Rachel Seidu is a visual artist and a storyteller who is using photography as a creative medium to showcase the beauty in black skin and African culture while opposing Western culture and its influence. She delivers photographs that are futuristic and aesthetically satisfying while incorporating certain elements of digital photography like shadows and double-exposure, featuring models with very natural unnatural beauty.
"I believe photography is a powerful storytelling medium. Unlike reading a book, photography is actually all in your face. It's also important in humanizing people because a majority of Africans believe queer folks are the devil's spawn and you know what the supposed image of the devil is. Also, it's for history's sake."
Speaking on the challenges she has encountered, the 23-year-old creative says: "Some of the challenges I've faced are receiving a lot of backlash from people that do not know better, especially on Twitter. People will quote your tweet and say nonsense about it, but I honestly don't care. The main goal isn't to re-educate, it is to show that queers are here and they exist."

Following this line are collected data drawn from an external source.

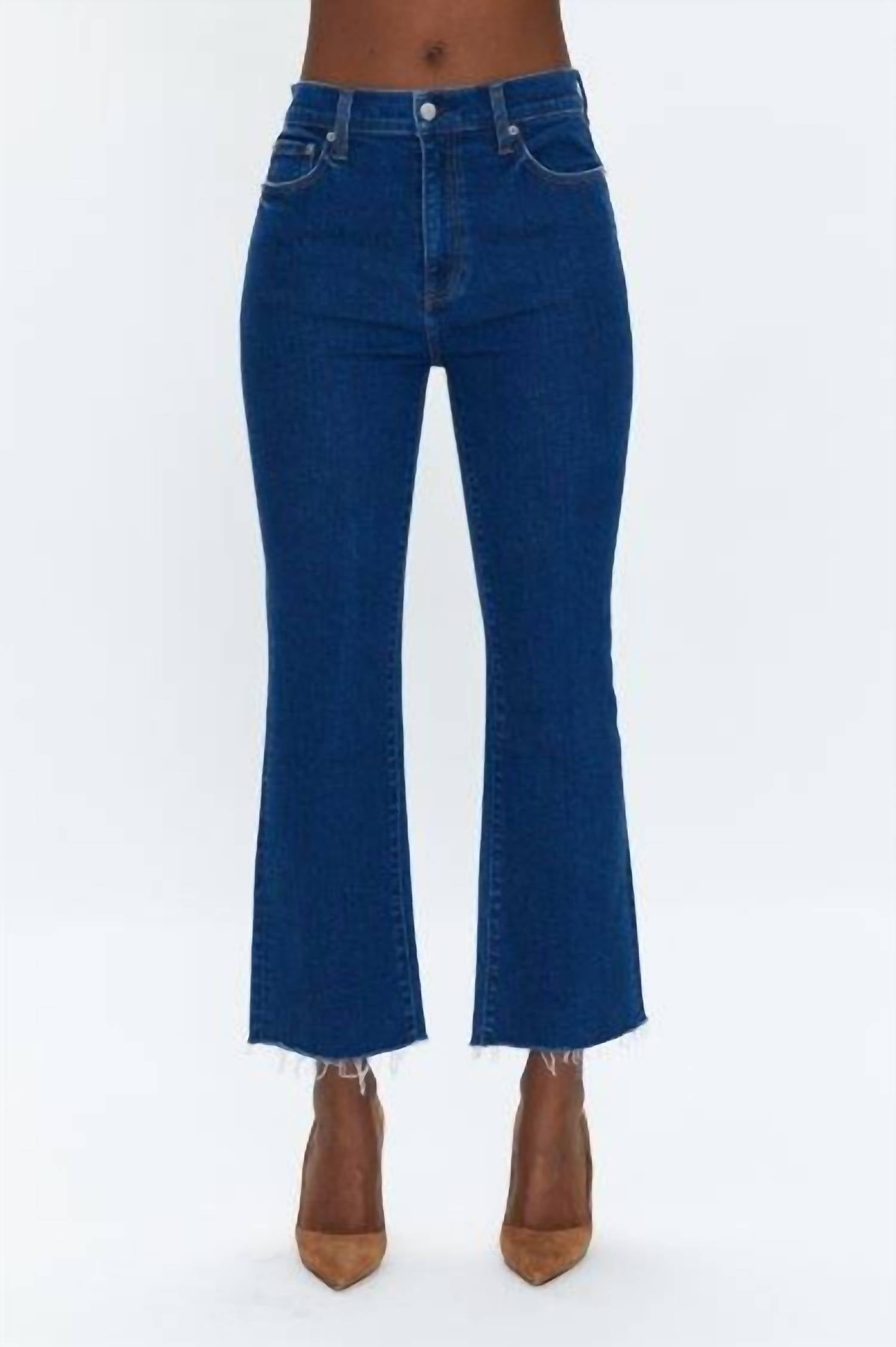 If you're looking for boot-cut, this is the jean for you. Discover the PISTOLA Lennon Cropped Bootcut Jeans in the Waterloo shade, perfect for elevating your wardrobe with stylish versatility. Featuring a high-rise, relaxed fit, these jeans are crafted from a comfortable blend of 95% Cotton, 4% Elasterell, and 1% Spandex. With a flattering bootcut leg, 11" front rise, and 27" inseam, they offer both style and comfort. Designed with a button closure, these jeans are an ideal choice for travel and streetwear occasions.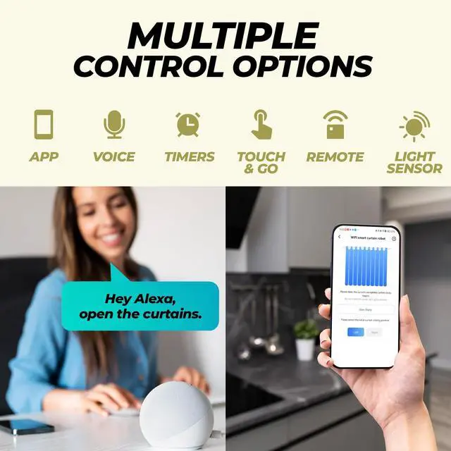 Multiple Control Options: Manage your curtains with ease using our app, which lets you control opening, closing, and open percentage. Set custom schedules for fully automated curtains. you can also use Smartlife Alexa, Google Home, SmartThings, Siri Shortcuts, and IFTTT . Note that two units are necessary if your curtains open in the middle.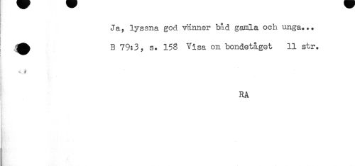 //// Ja, lyssna god vänner bad gamla och unga... //// B 79:3, s. 158 Visa om bondetåget 11 str. //// RA //// ! ' //// 1 ////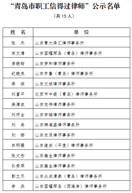 为进一步接受社会监督,现将“青岛市职工信得过律师”名单进行公示,如对公示名单有异议,请在5个工作日内(2022年10月24日至2022年10月28日)实名向青岛市总工会法律工作部反映问题。
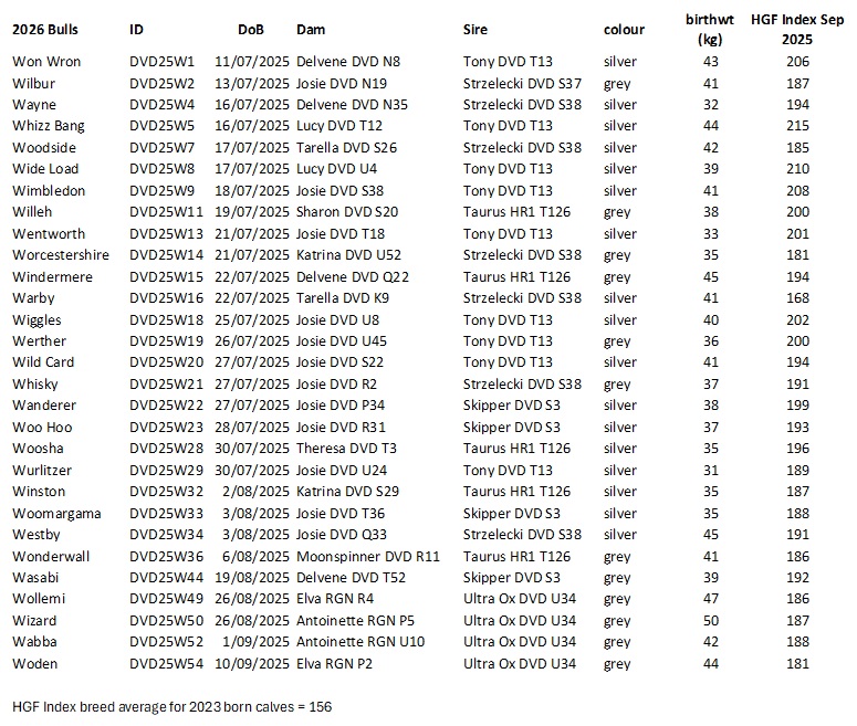 Please call Davo (mob. 0459 999 662, new email address This email address is being protected from spambots. You need JavaScript enabled to view it.) if you would like any more information about any of our young bulls or will need a bull in Spring 2025. We recommend that you register your interest early for our bulls. If you would like to be added to the mailing list for a hard copy of the catalogue for next year's sale, just let us know.

Jimi Agboola is a photographer and film-maker born and raised in Lagos, Nigeria. Inspired by what he perceives as the unappreciated beauty of the male form, he uses black and white portrait photography to capture fearless models, embracing full nudity in a bid to further address issues surrounding identity.
“My work is inspired by what I perceive to be the underrated beauty of the male form, I love to tackle issues of social, cultural, and sexual identity in my work. There are so many limitations around these parts about what it means to be a man. It’s so limiting and frustrating, and I feel breaking these boundaries is necessary to free people and help us get closer to a place where people can be as expressive as they would like to be. It’s also really interesting work to make along the way.”
When asked about challenges he's encountered, Agboola says: “Thankfully, I think we are growing and living in a society that’s a little more progressive than it used to be, so my work is a little more accepted. But I believe there’s still so much to be done, which is why the work we are doing is so vital.”